Związek pomiędzy rozciągnięciem łańcucha rozrządu a zatarciem jednego z cylindrów jest jednoznaczny, ale złożony. Mamy tu bowiem do czynienia z sytuacją jak w dominie, gdy przewrócenie jednego klocka powoduje lawinę wypadków. Całe zjawisko przebiega następująco:

Wyciągnięcie łańcucha spowodowało, iż obrót kół napędzających wałki rozrządu zaczął następować z pewnymi zakłóceniami (głównie opóźnieniem) w stosunku do obrotów wału korbowego. Należy przy tym zwrócić uwagę, że zakłócenia te były większe dla lewego wałka, gdyż napęd rozrządu miał konstrukcję taką jak pokazuje rysunek.

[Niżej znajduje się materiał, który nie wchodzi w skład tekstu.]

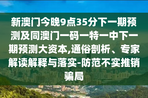 新澳門今晚9點35分下一期預測及同澳門一碼一特一中下一期預測大資本,通俗剖析、專家解讀解釋與落實-防范不實推銷騙局
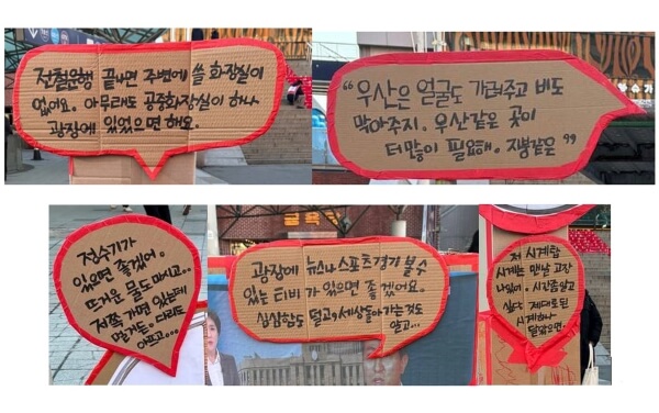 한 인간으로서 환대받아야 할 존재의 자리는 공짜여야 마땅합니다. 돈이 없어도, 돈이 많아도 똑같이 가져야 하기 때문입니다. 하지만 오늘날 서울역 광장을 보면 그 자리를 갖기 위해서는 돈이 필요한 것 같습니다. 점점 넓어져 가는 사유지에, 공공의 땅은 사라져 가고 있으니까요. 지난 홈리스 추모제 사전 마당에서는 버려진 종이박스로 줄어들어 가는 공공성의 자리를 재현해내는 전시, <공짜 의자가 필요해>를 열었습니다. 전시회 풍경을 함께 살펴봅시다.
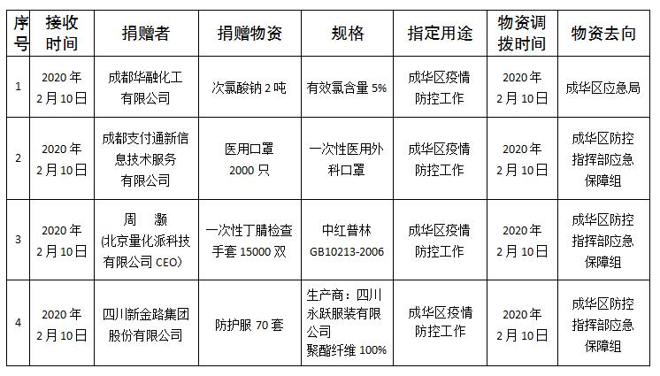成都市成华区红十字会捐赠物资接收和使用情况公示表
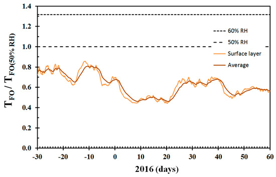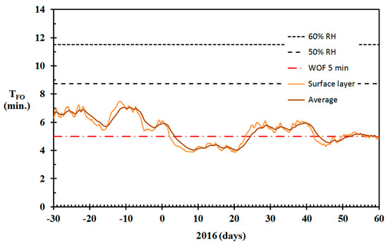 Estimated time to flashover (Equation (18)) for ¼ scale wooden compartments when in equilibrium at 60% relative humidity (RH), 50% RH and the moisture content calculated for the surface layer and the average wood panel moisture content in the period December 2015 through February 2016. (Wood moisture data from Figure 12.) The red dashed line represents 5 min to water on fire (WOF).
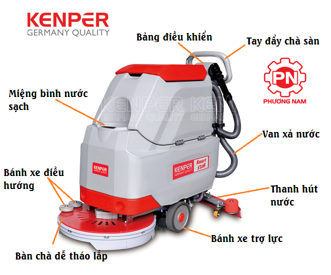 Máy chà sàn Kenper Đức không những nổi tiếng với nhiều công nghệ chà rửa sàn độc quyền, độ ồn cực nhỏ, động cơ chà khỏe, động cơ hút mạnh, ắc quy bền mà còn thu hút người dùng bởi các thiết kế chuyên nghiệp như chà sàn liên hợp đẩy tay, chà sàn liên hợp ngồi lái…để người dùng có thể lựa chọn khi mua máy chà sàn. Và Kenper S520B Basic là một trong những mẫu máy bán chạy nhất của Kenper dành cho các công ty chuyên hoạt động trong lĩnh vực dịch vụ vệ sinh công nghiệp hiện nay.
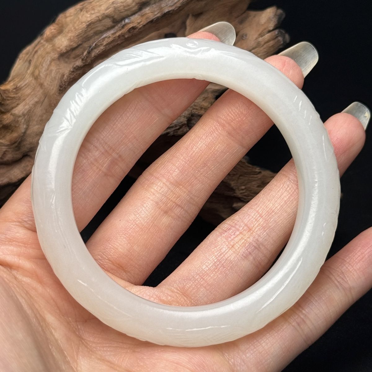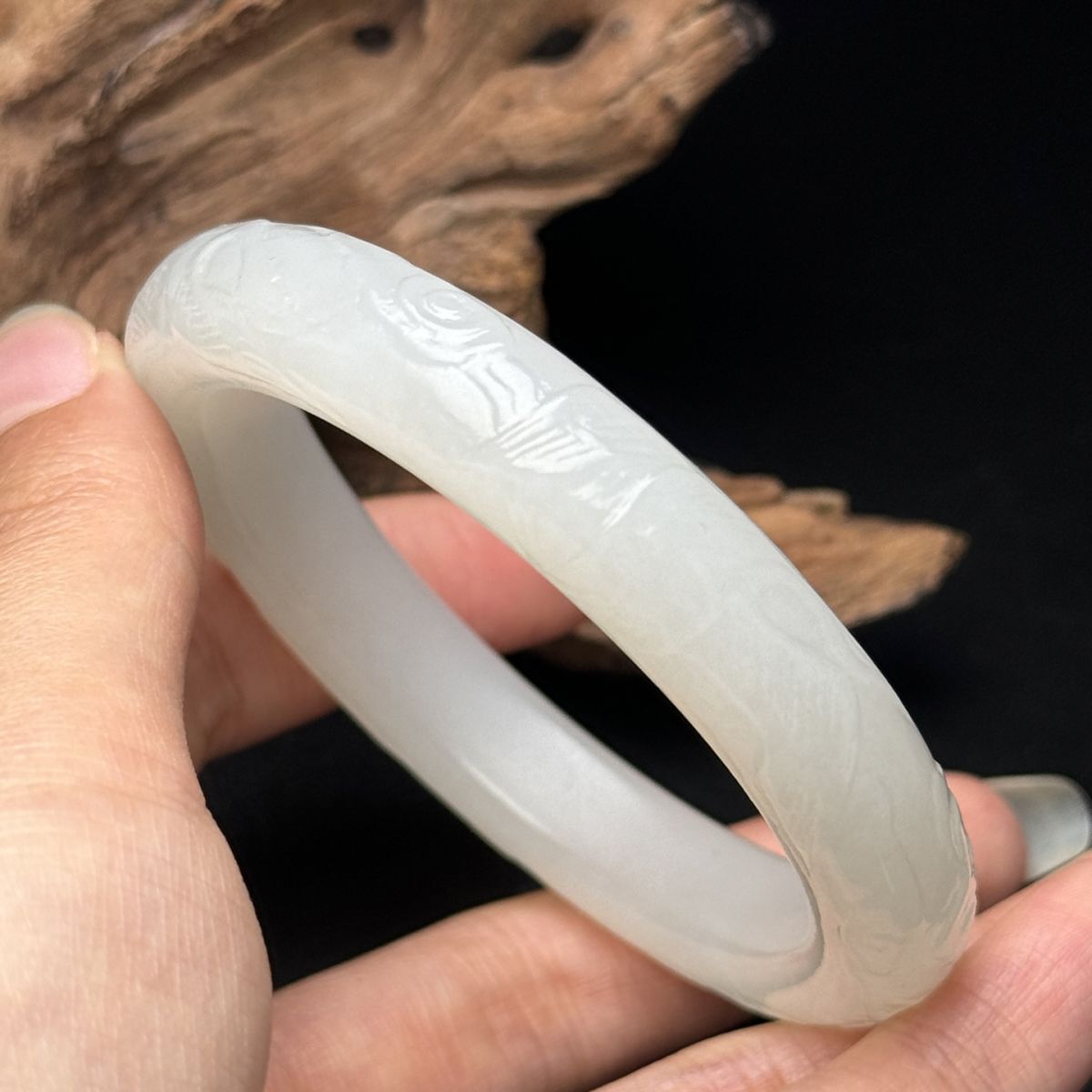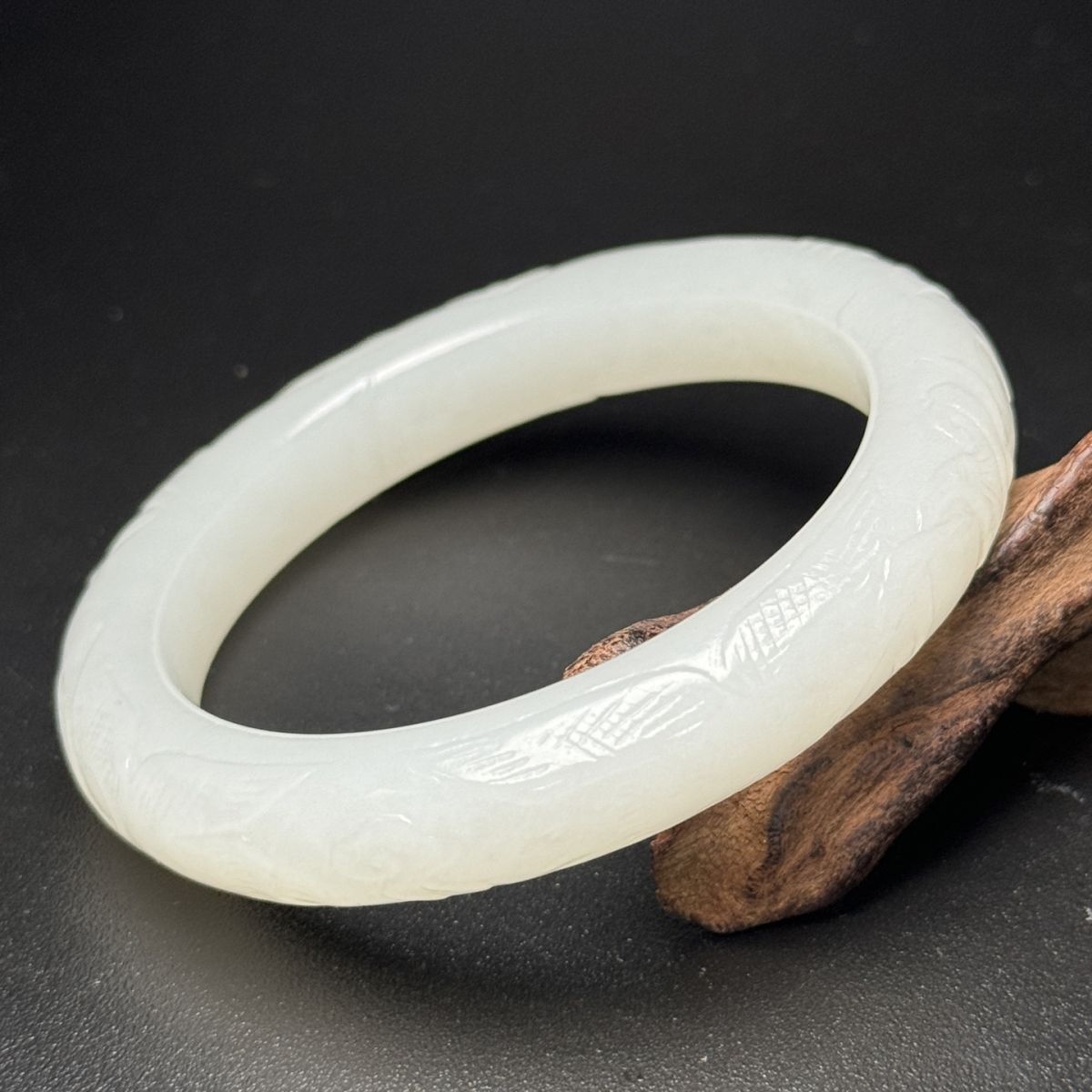 【永】清時代 和田玉 腕輪 仙鶴祥雲紋 手彫 極細工 裝身具 根付 置物擺件 古美術品 時代物 古董品 収集 古美味 旧家蔵出 中国唐物 57g

Nieprzewidziana zmiana faz rozrządu spowodowana zakłóceniami wywołała perturbacje w procesie spalania, skutkujące nadmierną nierównomiernością pracy silnika, zwłaszcza na wolnych obrotach. Zostało to natychmiast wychwycone przez sterownik zarządzający działaniem jednostki napędowej.

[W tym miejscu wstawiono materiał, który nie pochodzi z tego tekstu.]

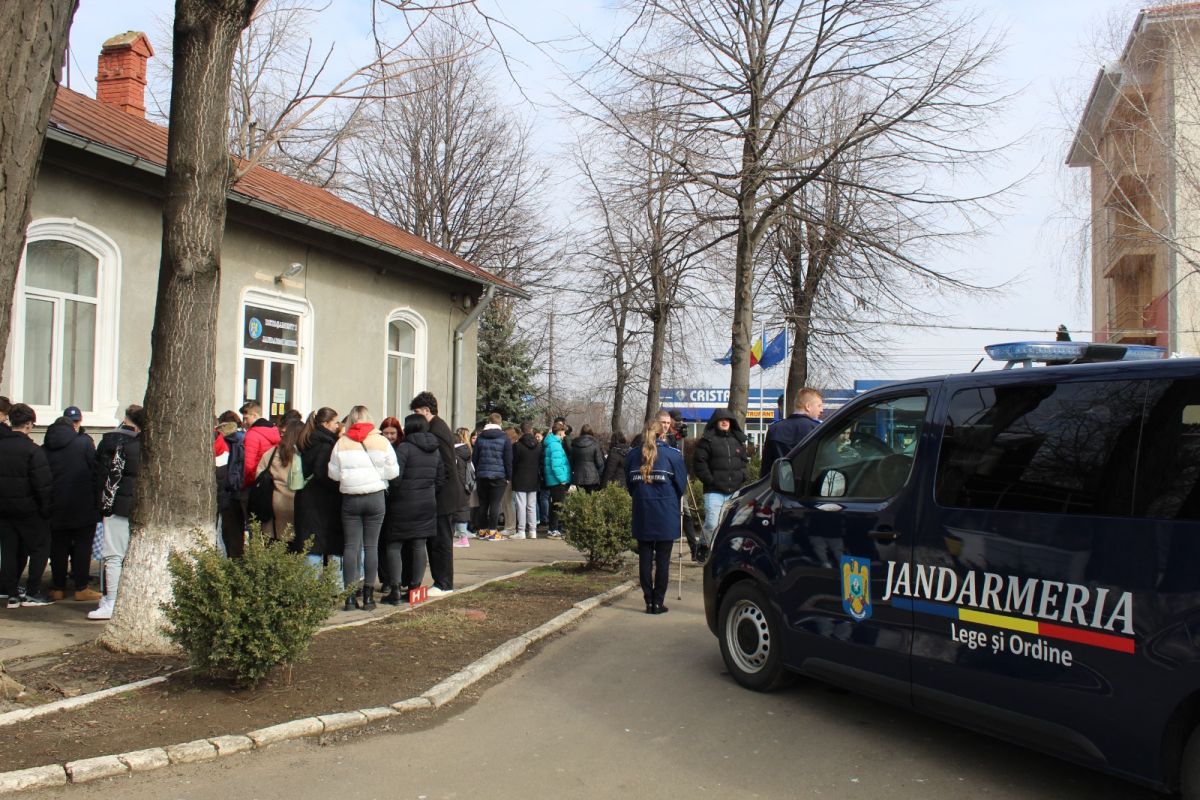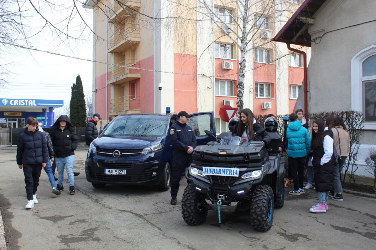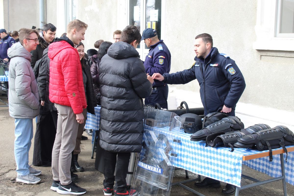 Activitatea s-a desfășurat în această dimineață, în cadrul programului național ,,Școala Altfel", elevii având prilejul să discute cu jandarmii despre aspecte de interes pentru ei, precum prevenirea faptelor antisociale, cyberbullying-ul sau oportunitatea urmării unei cariere militare în Jandarmeria Română.
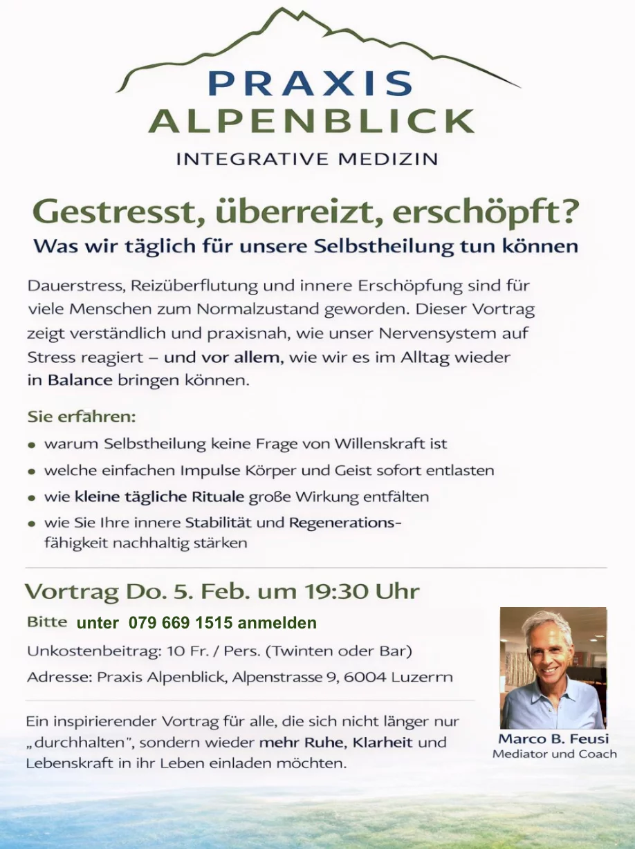 Ein inspirierender Vortrag von Marco Feusi, Mediator und Coach, für alle, die nicht länger nur durchhalten, sondern wieder mehr Ruhe, Klarheit und Lebenskraft in ihr Leben einladen möchten.
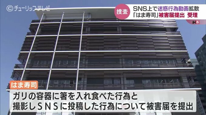 これについて「はま寿司」は、ガリの容器に箸を入れ食べた行為と、撮影しSNSに投稿した行為について、5日、富山中央警察署に被害届を提出しました。

Wykrytą nierównomierność pracy silnika sterownik próbował skorygować zgodnie z tym, co zapisano w jego oprogramowaniu, to znaczy poprzez zmianę dawki paliwa. I tak do cylindrów, które uznał za pracujące za wolno, zaczął podawać nieco więcej benzyny, a do „zbyt szybkich” – nieco mniej.

Ponieważ zakłócenia spalania nie były przypadkowe, lecz miały swoją określoną i trwałą przyczynę, działanie tej korekcyjnej pętli programowej nie przyniosło poprawy nierównomierności biegu. Przeciwnie – zostały przekroczone granice stechiometrycznych proporcji mieszanki, co natychmiast zostało uwzględnione przez inną pętlę programową nadzorującą czystość spalin i bezpieczeństwo katalizatora.

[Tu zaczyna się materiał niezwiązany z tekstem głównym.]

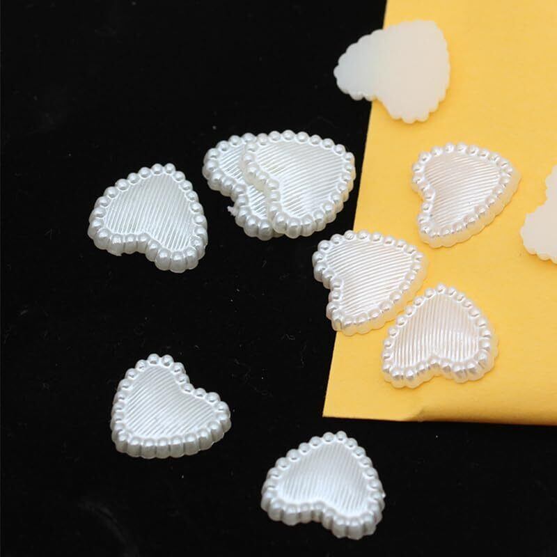 LIKENNY ネイルパーツ ぷっくり ハート型 3D 立体 ハート ボン レジン用 ネイルアート 半円パール ホワイト 手作りネイル装飾 ジュエリーパーツ 約460個セット デコパーツ
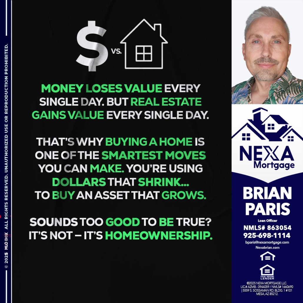 MONEY LOSES VALUE - Brian Paris -Loan OfficerHi, my name is Brian Paris. I’m a Loan Officer with NEXA Mortgage LLC., offering personalized mortgage solutions, fast customized quotes, great rates and service with integrity.
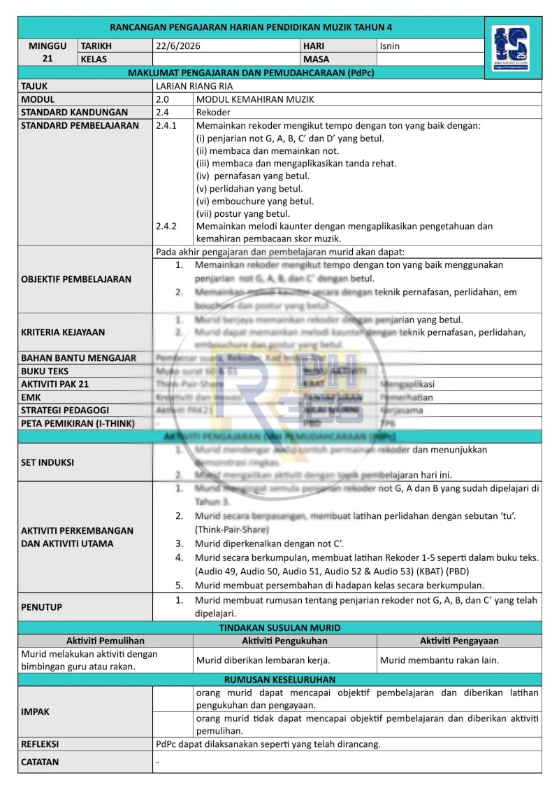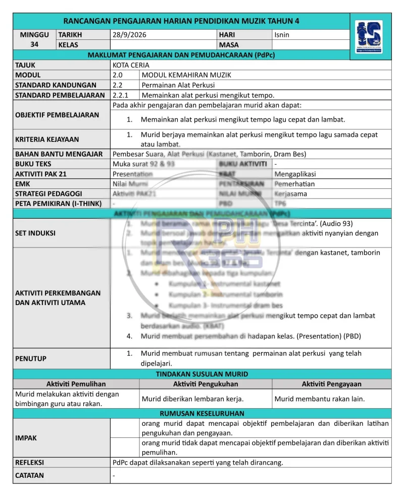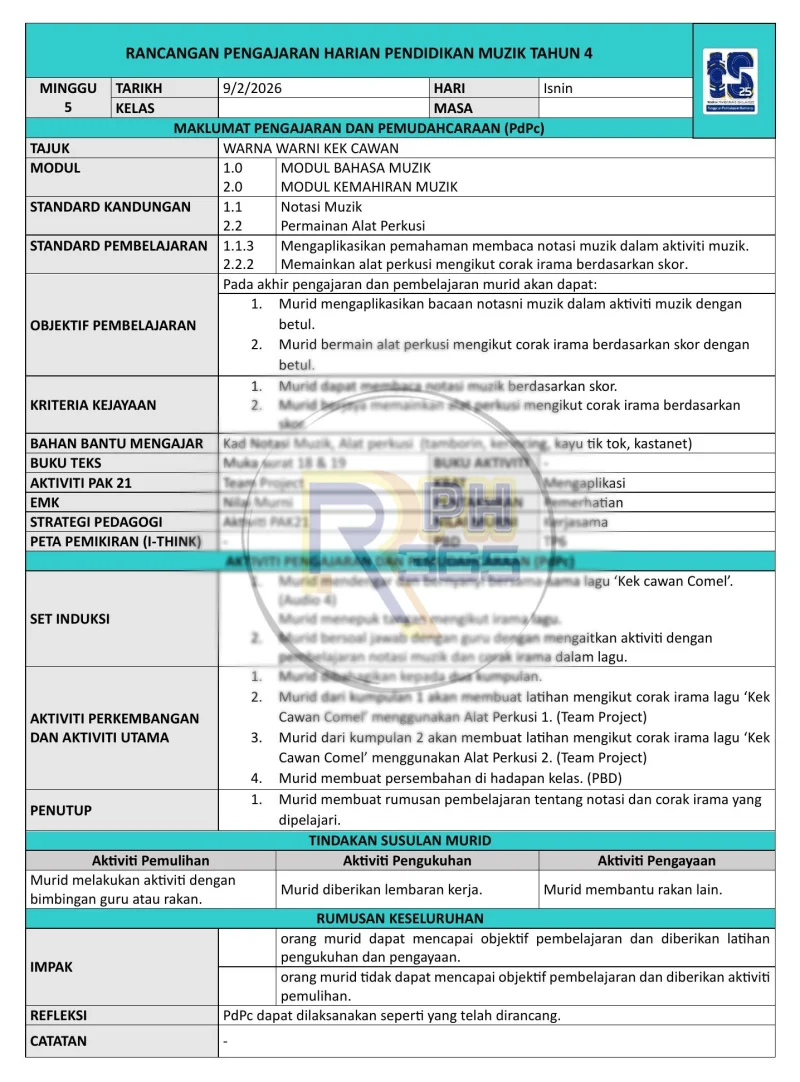 RPH 2026 Pendidikan Muzik SK Tahun 4 by RPH365

Przekroczone okresowo granice regulacji współczynnika lambda spowodowały, że sterownik awaryjnie odłączał zasilanie paliwem cylindrów budzących jego wątpliwości, aż w końcu silnik przechodził w awaryjny tryb pracy, co objawiało się kierowcy utratą mocy i zaświeceniem lampki check engine.

Stałe zakłócenia w procesie spalania i okresowe wyłączanie cylindra z pracy spowodowało pogorszenie smarowania – olej był zmywany z gładzi przez benzynę, która nie odparowywała, gdyż cylinder nie osiągał należytej temperatury. Wszystko skończyło się zatarciem.

Pozostaje wyjaśnić, dlaczego zatarciu uległ akurat cylinder nr 4. Otóż w łańcuchu kinematycznym znajduje się on najdalej od koła zamachowego, a pod względem elektronicznym najdalej od czujnika położenia wału korbowego. Pamiętajmy, że mówimy widlastej „ósemce”.